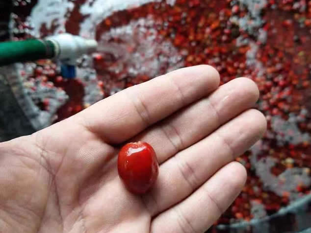 2. 密封的袋放入冷箱中,咖啡在13-15℃的溫度下放置三天,三天后取出咖啡,并將其放置環境水溫20℃中,取出漂浮起來的咖啡櫻桃,篩選完的咖啡進入干燥環節。
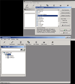 Double click your new MySQL DSN name, or select the name then click OK. DBQwikEdit will now be connected to your MySQL database.
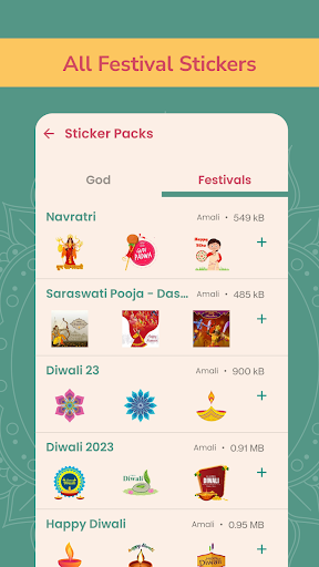 The app has multiple Hindu God sticker categories like Lord Siva, Ganesha, Hanuman, Krishna, Lakshmi, and many other Gods. And Hindu Festivals stickers for Diwali, Sankranti, Maha Shivratri, Krishna Janmashtami, Ganesh Chaturthi, Dusshera, and almost all the other Hindu Festivals.
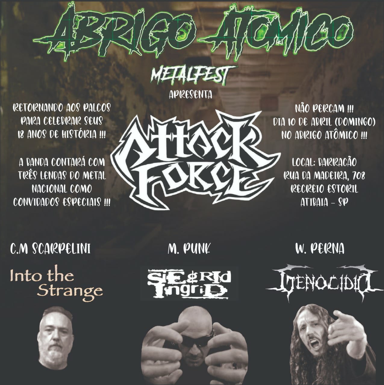 METAL FEST que acontece em ATIBAIA / SP, desde abril de 2006! Desde sua primeira edição, o Abrigo Atômico vem ganhando espaço na cena underground. Inúmeras bandas consagradas já se apresentaram, como Anthares, Genocídio, NervoChaos, Andralls, Executer, Pentacrostic, Oligarquia, além de bandas da nova geração do metal nacional.
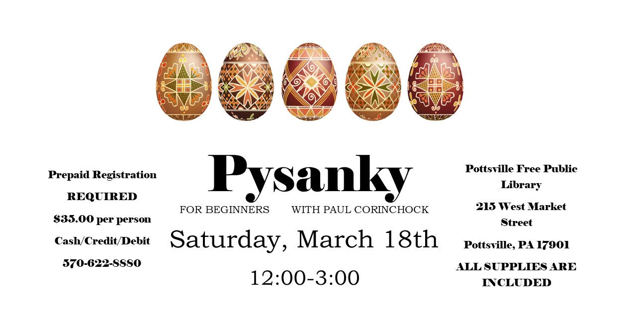 Join us for a beginner's level class on the beautiful art of Pysanky! Paul Corinchock will take you step by step to creating your own beautifully crafted egg. Supplies are included in class price. Saturday, March 18th from 12-3PM. Prepaid registrations are required. Class is $35 per person. Contact 570-622-8880 to reserve your spot, or […]
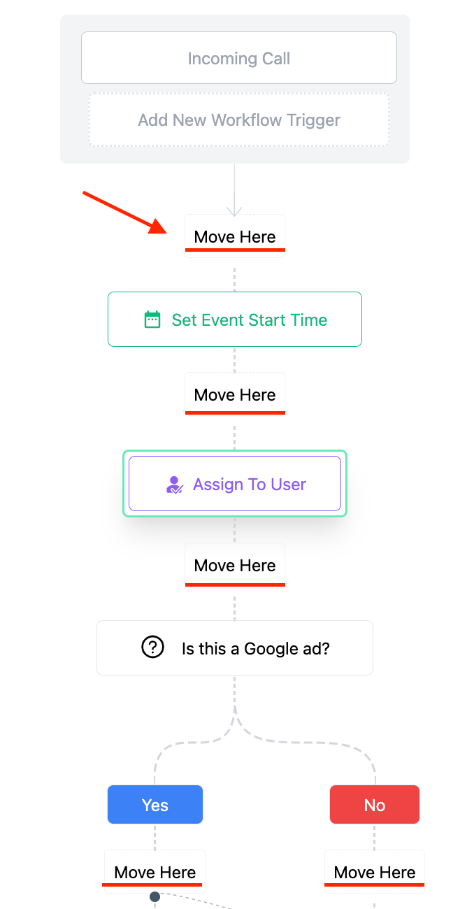 • The Workflow will now display “Move Here” icons. Click any of them to move the Workflow action(s) to that spot.
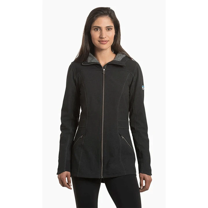 The KÜHL W’S KLASH™ TRENCH features durable FLEXWÜRX™ brushed softshell fabric with a unique 2-tone weave, added abrasion resistance, and DWR finish for year-round performance. The softshell fabric withstands 50K rubs to pass the Martindale abrasion test. The soft, brushed back provides superior comfort and warmth.
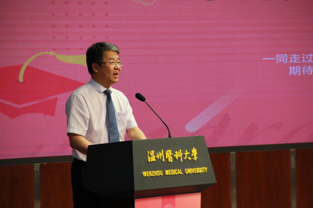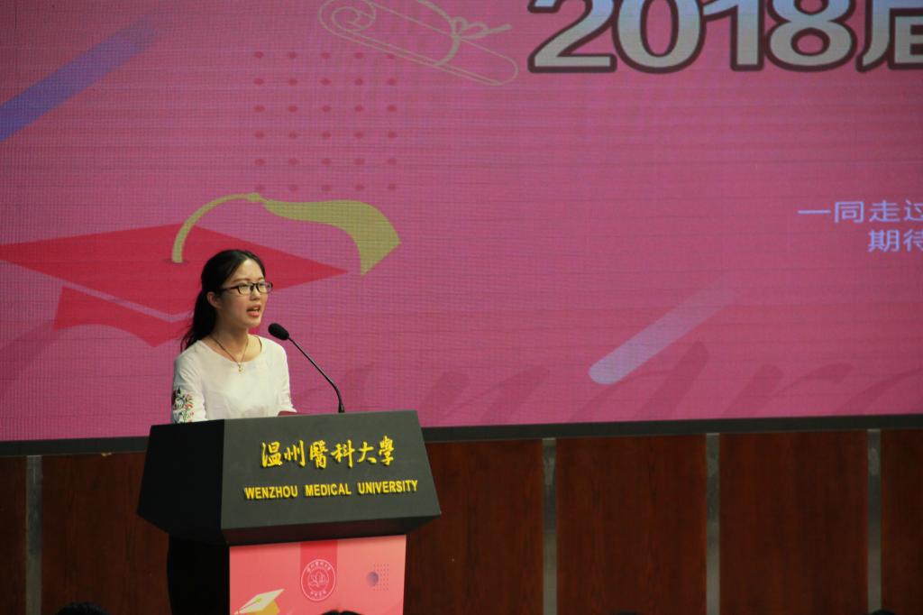 毕业生代表沈璐同学深深表达了对学校、学院、父母、老师、同学的感激,对大学时光的怀念和不舍,对未来的憧憬和期待。“您像一股清风,在书页开合之间,在板书洋洋洒洒之际,在砂轮磨过安瓿之隙,您教导着我们,引领着我们……春秋不长,日月不短,望相见!”一首由毕业生钟林原创,吴应铮、徐宁燕现场演绎的诗歌朗诵《我的故事全是关于您》表达了毕业生们对老师的感恩和赞美。
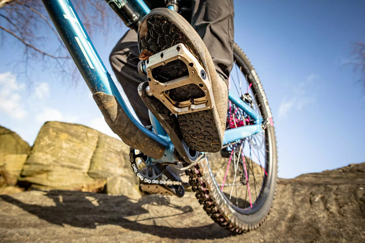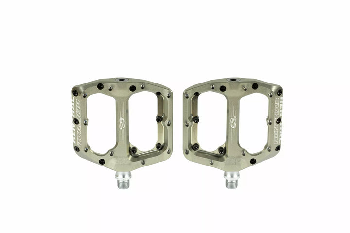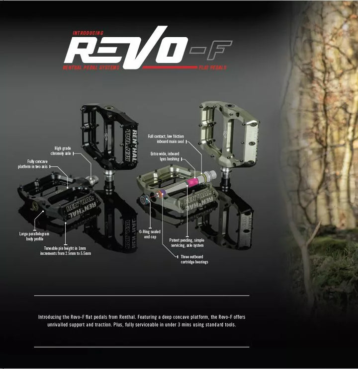 Introducing the Revo-F Flat Pedals From Renthal. , Featuring a deep concave platform, The Revo-F Offers Unrivalled Support and Traction., Large Parallelogram Body Profile., Tuneable Pin Height in 1 mm Increments from 2.5 mm to 5.5 mm., High Grade Chromoly Axle. IGUS BUSHING AND FULL CONTACT AND LOW FRICTION INboard Main Seal., Plus, fully serviceable in under 3 mins using standard tools.
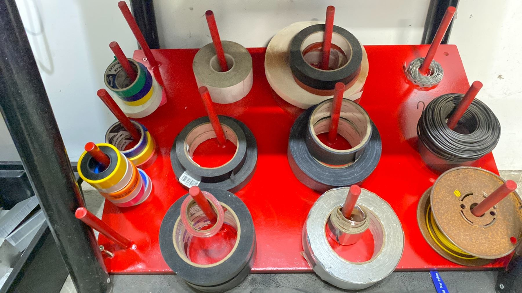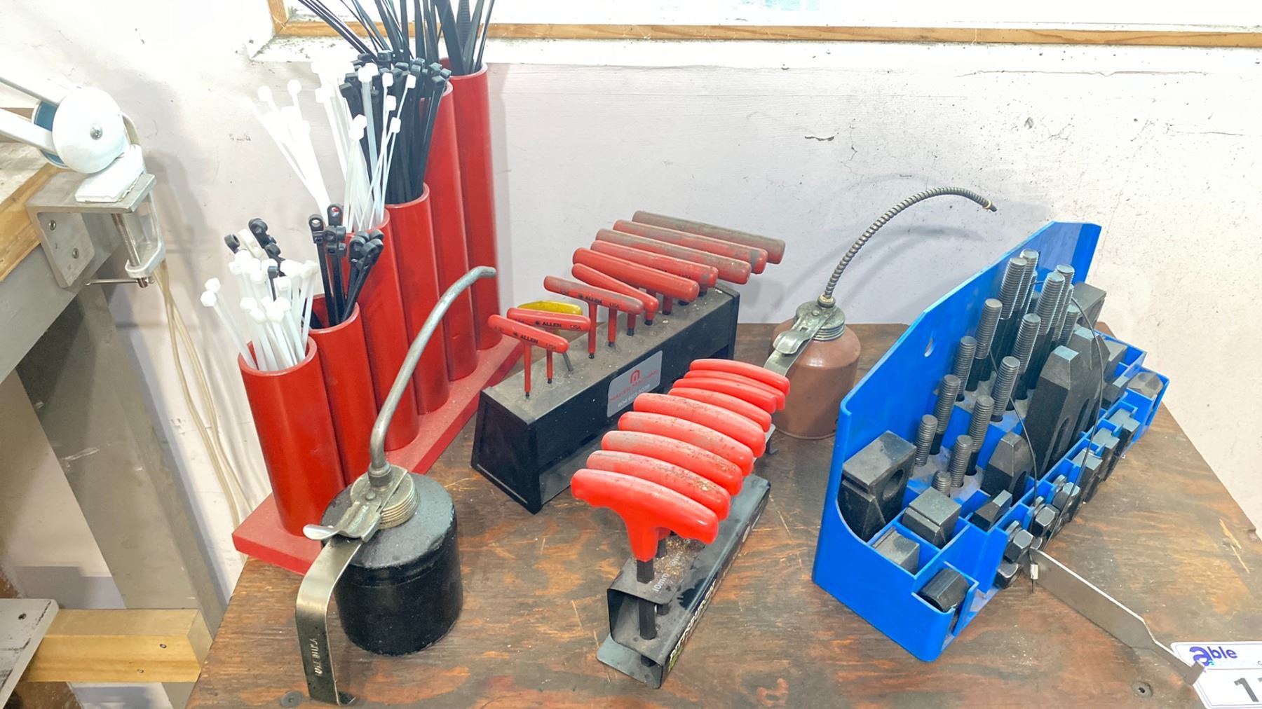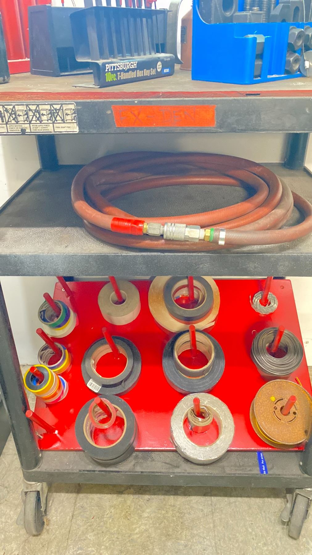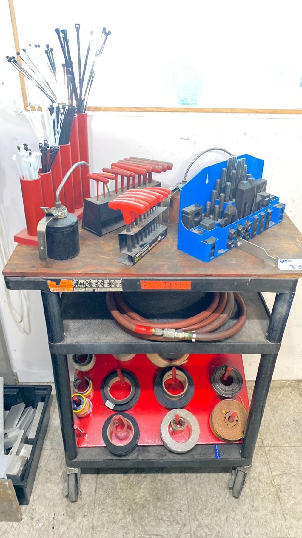 MOBILE WORK CART WITH MACHINIST TOOLING - CLAMP SET, HEX KEY SETS, ZAP STRAPS, ASSORTED TAPE & 2

§ §

ASSIGNMENT: Copy exactly the part of the material above that opens with the line containing "to that spot." and closes with the line containing "Introducing the Revo-F", ends included. Drop the images.

WORKED SOLUTION:
 • The Workflow will now display “Move Here” icons. Click any of them to move the Workflow action(s) to that spot.
 The KÜHL W’S KLASH™ TRENCH features durable FLEXWÜRX™ brushed softshell fabric with a unique 2-tone weave, added abrasion resistance, and DWR finish for year-round performance. The softshell fabric withstands 50K rubs to pass the Martindale abrasion test. The soft, brushed back provides superior comfort and warmth.
 毕业生代表沈璐同学深深表达了对学校、学院、父母、老师、同学的感激,对大学时光的怀念和不舍,对未来的憧憬和期待。“您像一股清风,在书页开合之间,在板书洋洋洒洒之际,在砂轮磨过安瓿之隙,您教导着我们,引领着我们……春秋不长,日月不短,望相见!”一首由毕业生钟林原创,吴应铮、徐宁燕现场演绎的诗歌朗诵《我的故事全是关于您》表达了毕业生们对老师的感恩和赞美。
 Introducing the Revo-F Flat Pedals From Renthal. , Featuring a deep concave platform, The Revo-F Offers Unrivalled Support and Traction., Large Parallelogram Body Profile., Tuneable Pin Height in 1 mm Increments from 2.5 mm to 5.5 mm., High Grade Chromoly Axle. IGUS BUSHING AND FULL CONTACT AND LOW FRICTION INboard Main Seal., Plus, fully serviceable in under 3 mins using standard tools.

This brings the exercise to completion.